Supplied records:
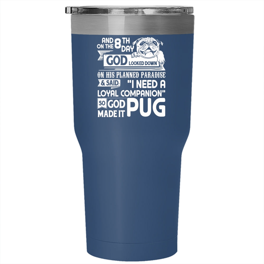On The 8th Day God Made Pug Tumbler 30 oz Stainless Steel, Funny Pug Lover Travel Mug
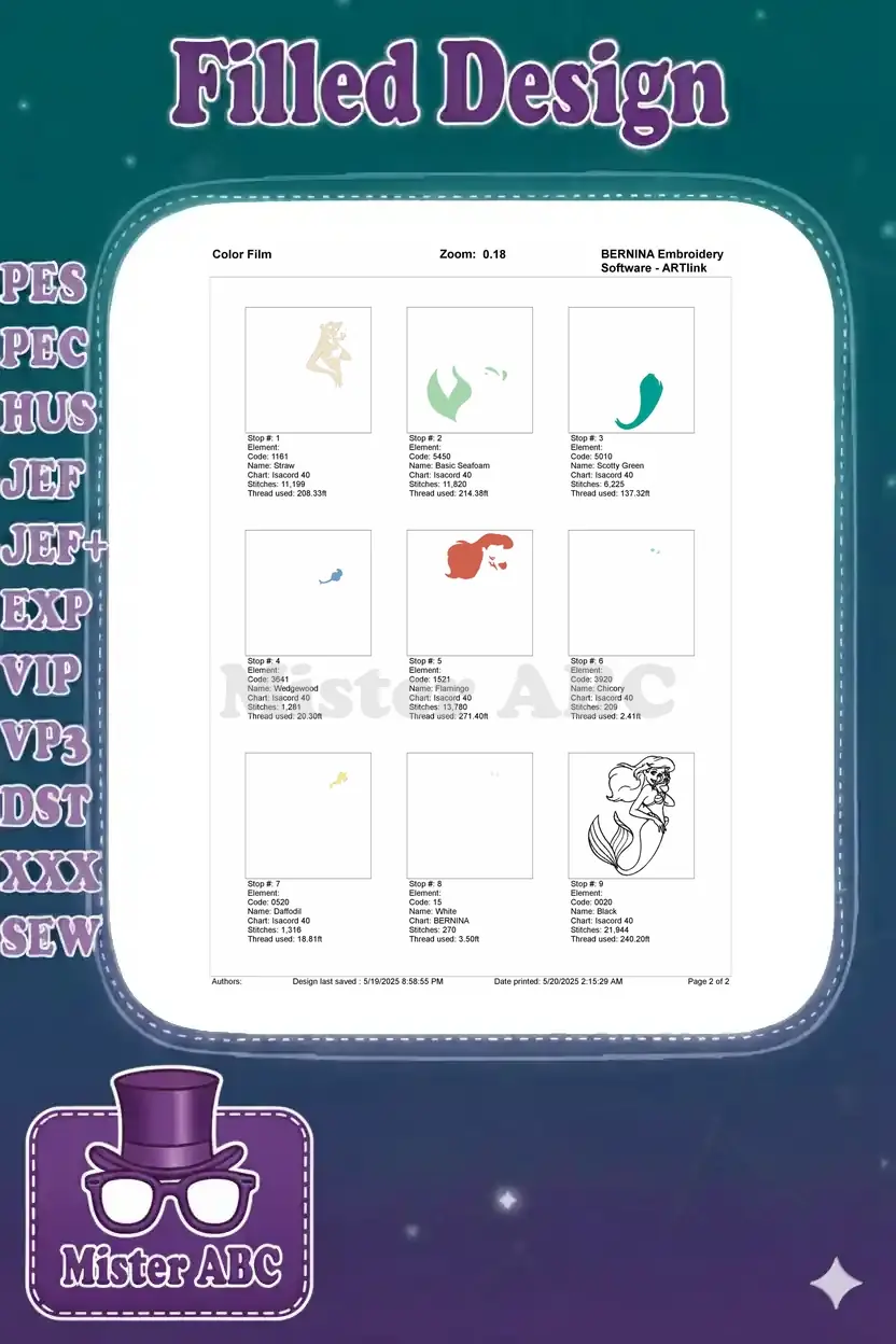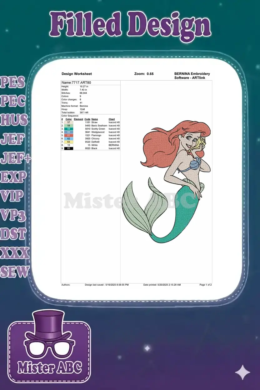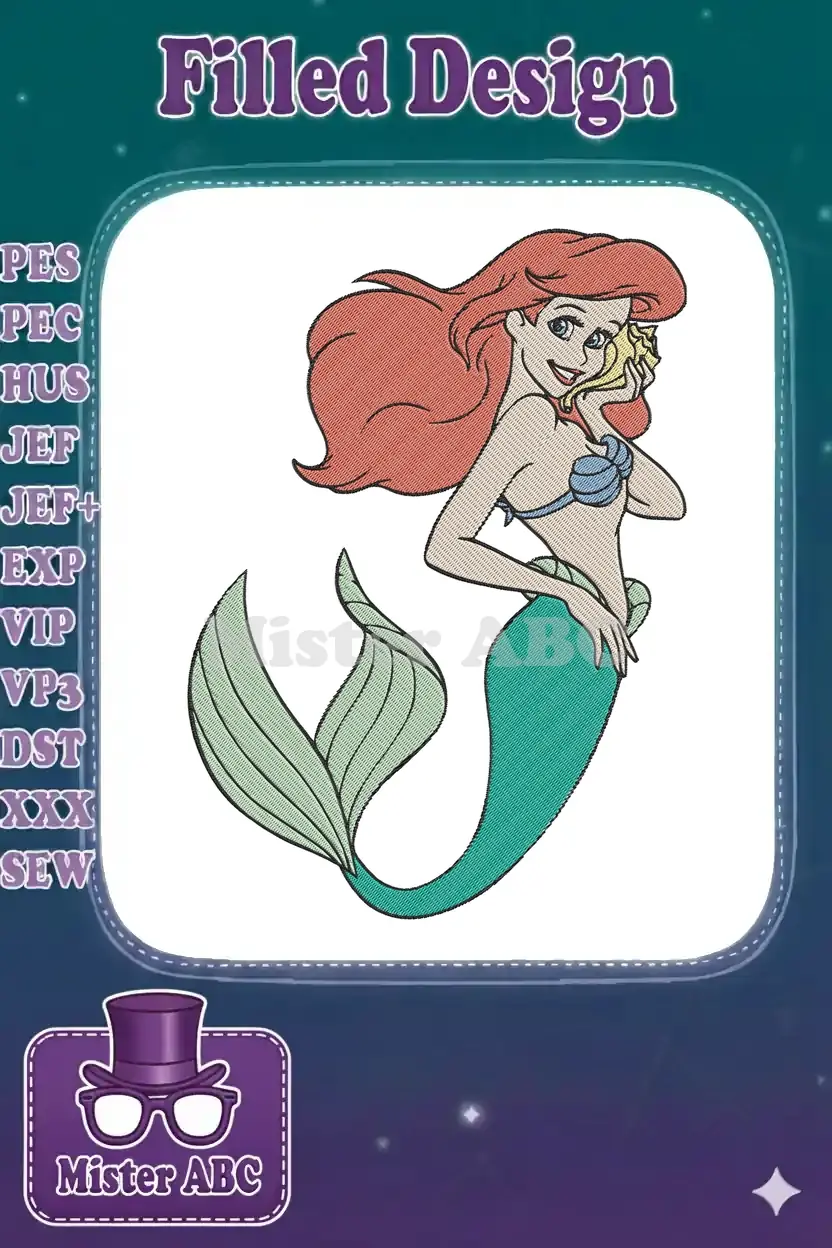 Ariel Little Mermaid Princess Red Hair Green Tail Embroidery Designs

--

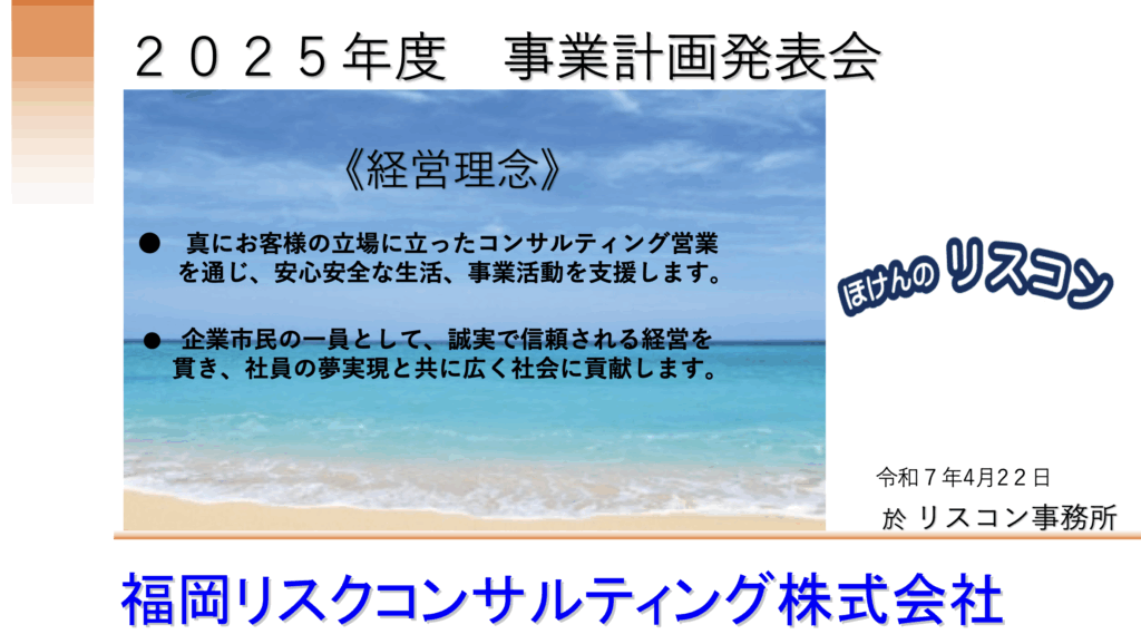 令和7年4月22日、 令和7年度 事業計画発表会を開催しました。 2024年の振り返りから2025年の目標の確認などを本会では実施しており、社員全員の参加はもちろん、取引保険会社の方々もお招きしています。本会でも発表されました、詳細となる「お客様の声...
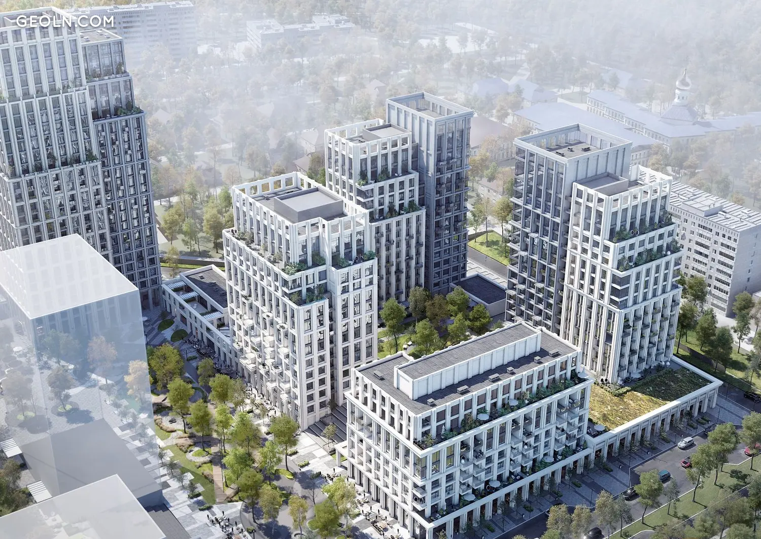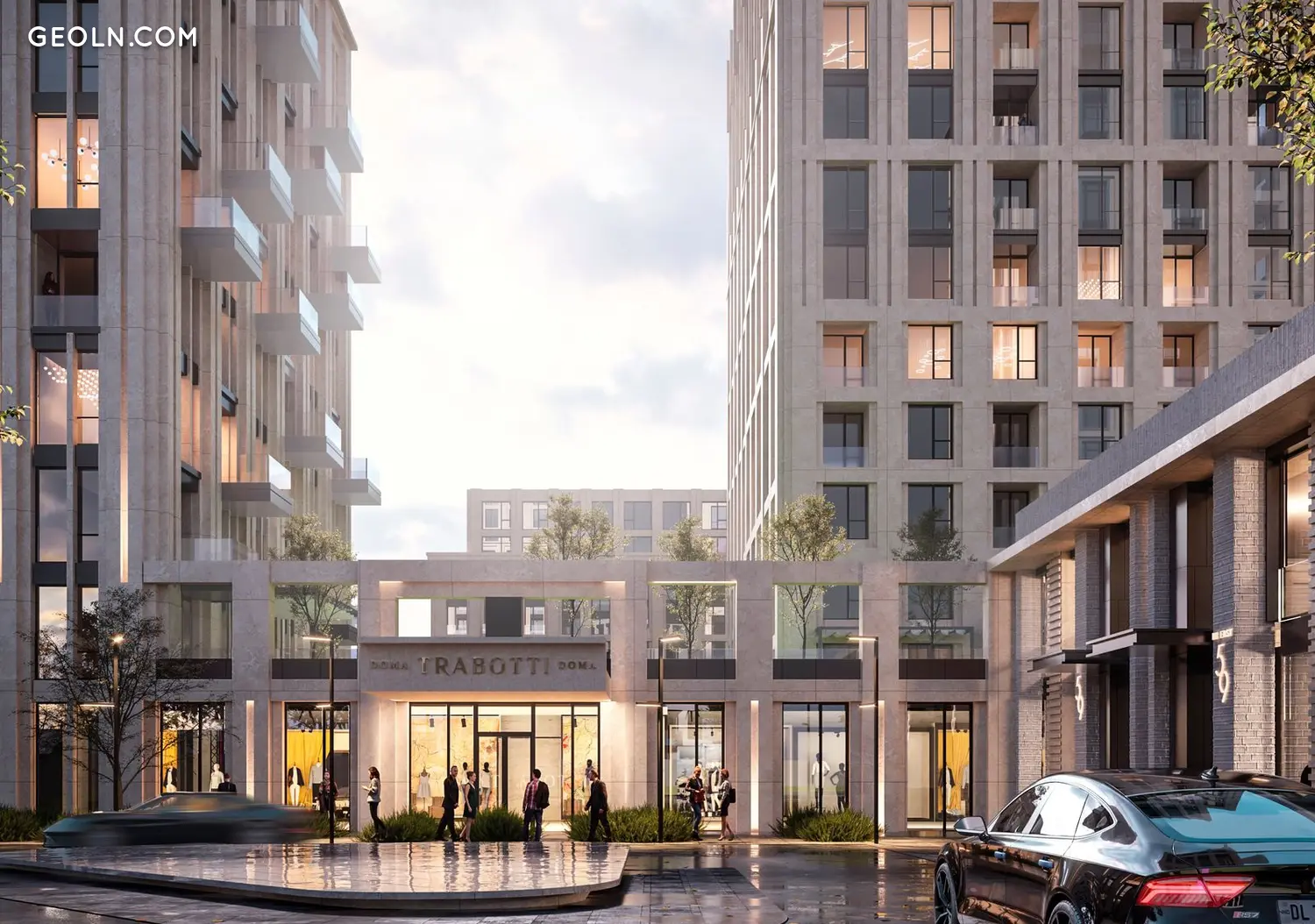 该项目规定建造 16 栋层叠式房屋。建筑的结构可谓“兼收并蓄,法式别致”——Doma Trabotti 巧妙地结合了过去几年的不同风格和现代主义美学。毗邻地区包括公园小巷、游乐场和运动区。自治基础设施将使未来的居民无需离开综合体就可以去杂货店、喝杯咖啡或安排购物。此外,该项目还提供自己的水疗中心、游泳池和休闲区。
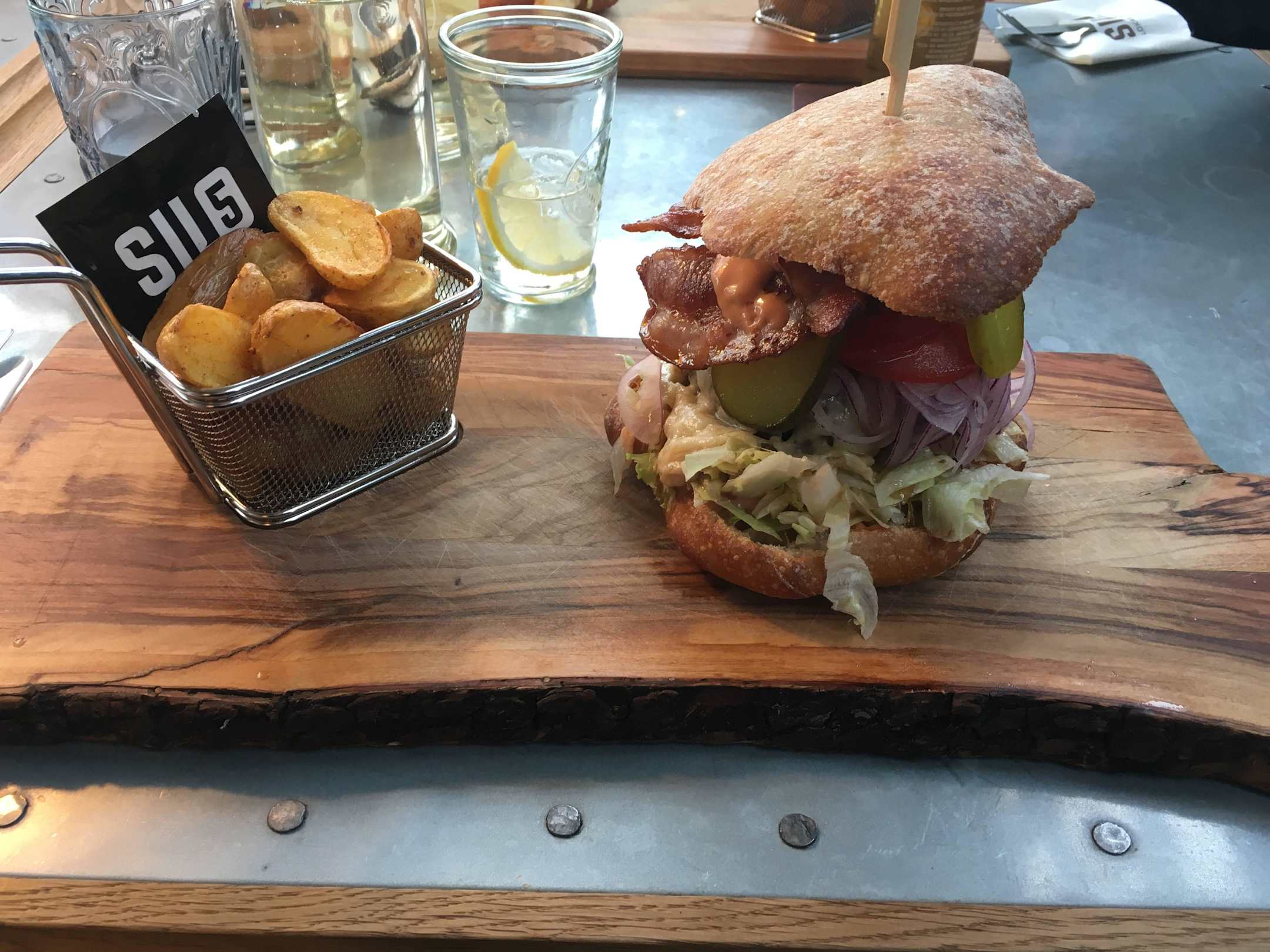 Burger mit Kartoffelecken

--

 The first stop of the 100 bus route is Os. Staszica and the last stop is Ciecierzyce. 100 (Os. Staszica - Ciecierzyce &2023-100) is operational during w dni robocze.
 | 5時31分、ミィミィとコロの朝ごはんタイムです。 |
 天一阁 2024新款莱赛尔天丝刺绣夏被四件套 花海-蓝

Activity: Would you please copy, word for word, everything above from the line containing "The first stop" down to the line containing "天一阁 2024新款莱赛尔天丝刺绣夏被四件套 花海-蓝", those two lines included?

Finished exercise:
 The first stop of the 100 bus route is Os. Staszica and the last stop is Ciecierzyce. 100 (Os. Staszica - Ciecierzyce &2023-100) is operational during w dni robocze.
 | 5時31分、ミィミィとコロの朝ごはんタイムです。 |
 天一阁 2024新款莱赛尔天丝刺绣夏被四件套 花海-蓝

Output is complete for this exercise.